VisuMax Femtosecond Laser Small Incision Lenticule Extraction for the Correction of High Myopia

Sponsor

London Vision Clinic (Other)

Overall Status

Unknown status

CT.gov ID

NCT02528123

Collaborator

(none)

187

Enrollment

Location

Arm

Duration (Months)

3.5

Patients Per Site Per Month

Study Details

Study Description

Brief Summary

The purpose of this study is to validate the safety and effectiveness of treating myopia (short-sightedness) higher than -10D using small incision lenticule extraction (SMILE) with the VisuMax femtosecond laser.

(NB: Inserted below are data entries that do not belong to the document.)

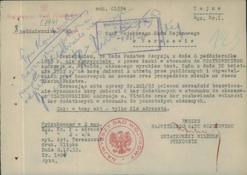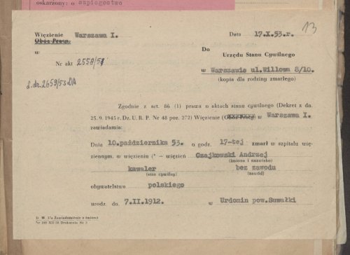 W taki sposób Urząd Stanu Cywilnego dowiadywał się o śmierci ofiar mordów w imieniu PRL: o faktycznie zamordowanym Andrzeju Czaykowskim - zmarł w szpitalu więziennym, w więzieniu (s. 1). Z zasobu IPN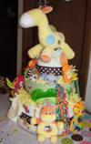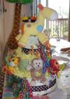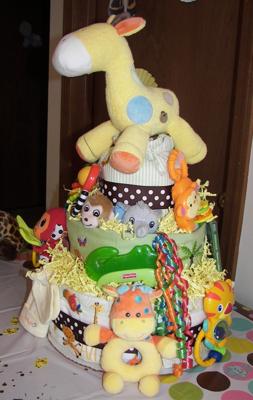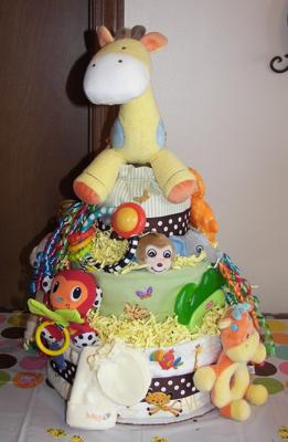 After searching for hours on the internet, I finally came up with a diaper cake that I thought I could put together. The one gal said it right, they are not hard to do. I used a bathtub mat for the middle of mine. It seemed to be the right size. I had some animals from previous occasions so I used those on the cake also. Just about the same ones as the one on the net. I used the FP stickers from Hobby Lobby and some yellow paper for the frosting. Pretty fun all in all! This baby shower is going to be a blast!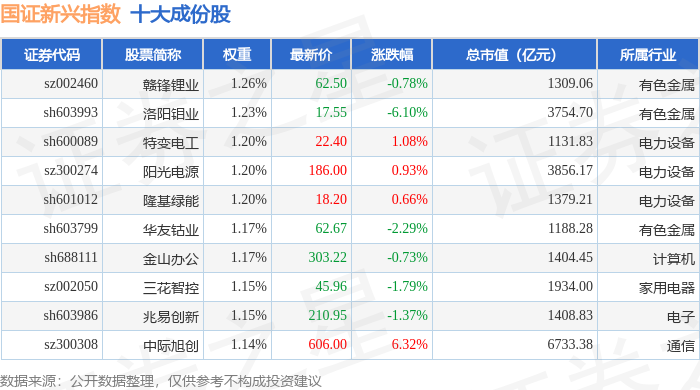 资金流向方面,国证新兴(399392)指数成份股当日主力资金净流出合计56.75亿元,游资资金净流入合计5.16亿元,散户资金净流入合计51.59亿元。成份股资金流向详情见下表: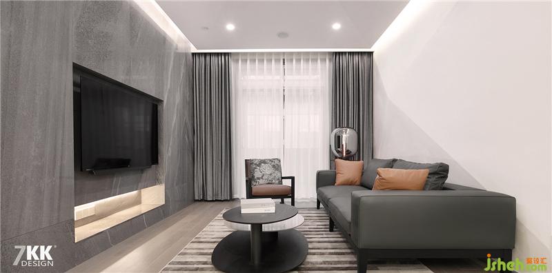 电视背景墙采用深色石材墙面,内嵌灯带,沙发背景墙采用特色造型刷白色艺术漆,石膏板吊顶内嵌灯带设计,即使是不同材质不同造型在同一空间上却处理的错落有致,精致而又大气。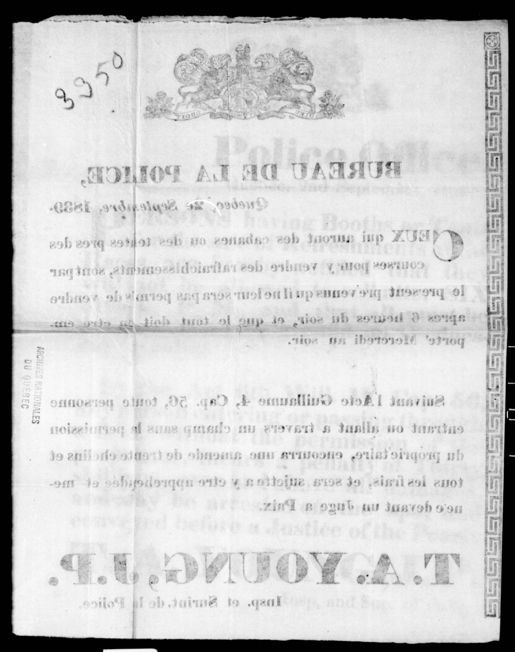Circulaire imprimée à propos de la vente des liqueurs sur les champs de course, vers 1839, Archives nationales à Québec, Fonds Ministère de la Justice, (03Q,E17,S37,D3350).

Condition or Disease	Intervention/Treatment	Phase
Myopia Refractive Errors	Procedure: Small incision lenticule extraction Drug: Tobramycin and dexamethasone Drug: Ofloxacin Drug: Proxymetacaine 0.5% Drug: Oxybuprocaine 0.4%	N/A

Detailed Description

Laser refractive surgery (LASIK and PRK) has been established for 25 years to treat myopia (short-sightedness). Over this time, the technology has been significantly improved to enable safe treatment of myopia up to -15D. Improvements including changing the shape of the lens of corneal tissue removed to better match the natural shape, and increasing the diameter of the applied correction to cover larger pupil sizes, have greatly reduced side-effects such as night vision glare and halos. Similarly, safety has been improved by using a laser (femtosecond laser) to create the corneal flap rather than a blade (known as a microkeratome), meaning that the cornea is reliably left with more than the safe amount of tissue.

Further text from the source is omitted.